Here’s my point: The question, “What makes a woman?” is a not chiefly an ontological or a phenomenological question, and it will not be answered by ontology (a certain essence) or phenomenology (a certain experience).  In fact, the ontological and phenomenological failures to produce a consistent account make my point: the question, “What makes a woman?” is a political question.  It functions to establish who has power and who gets power and who gets associated with and recognized by those in power.  To ask this question is to insist on an account of woman in order to continue to produce a line of transgression that grants access of all kinds to some at the expense of others.  So the answer to my second question of the title, “Why do you ask?” seems to be in every case, for the sake of safeguarding my privilege.

4 Comments Post a comment
  1. I think you nailed this. I keep liking Appiah’s argument that identity is a strategy to deploy rather than an essence to inhabit. Who knows what we could become if we didn’t require ourselves and each other to be this or that? But since we do, there’s no way to sort out what any identity category means without looking at the fields of force and resource it arranges access within.
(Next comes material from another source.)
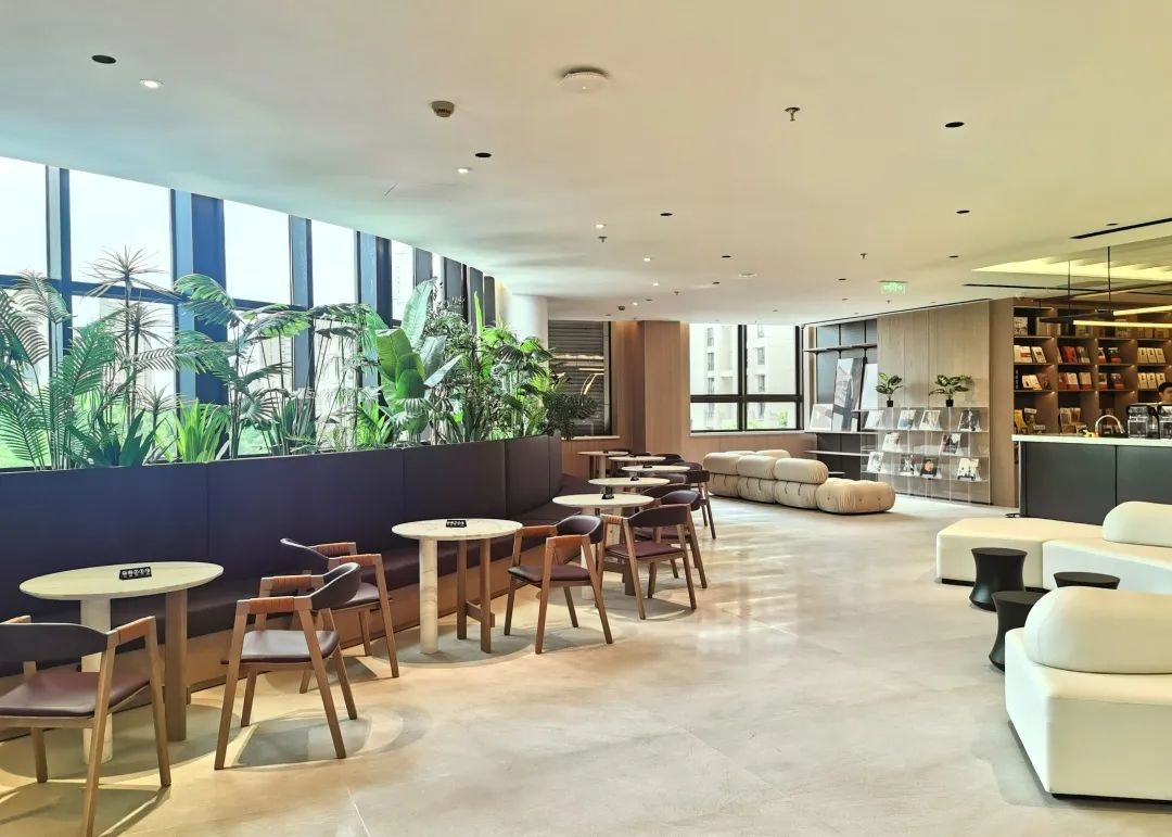 宽敞明亮的阳光中庭里,下沉式设计打破了传统的平面布局,为读者提供自在、惬意的停留空间;融入楼宇的露天花园别具雅趣,在这里,无论是小憩、阅读还是赏景,都别有一番滋味。

    Recently I had a tense exchange with a student who was claiming that suffering defines the Black experience. That’s a powerful claim, but a dangerous one, I suggested. Wouldn’t this be a suffering to be thankful for, to seek out and to preserve at all costs? Well, sometimes power feels like what’s needed, and Jenner is reaching for hers.

    June 12, 2015
  2. I would suggest that identity is always deployed as a strategy (even when it is claimed to be an essence – that is a strategy). I think it is more problematically so deployed from the top when that identity becomes a way of excluding others from power. I’m especially interested in how what was once a strategy of identity politics to secure power for those who don’t have it becomes a way of maintaining power at the expense of others who don’t have it. That looks to me like what Burkett is doing when she polices what it means to be woman.

    June 12, 2015
  3. Yes, agreed! And if identity is a strategy of access to power, then the boundaries it inherently creates are always ways of excluding Others from that power. I’m more sympathetic when that’s being done from the bottom up, but I’m not going to close my eyes to how it works. But putting my cards on the table, I tend to think that if power is the problem, it’s unlikely to be the solution.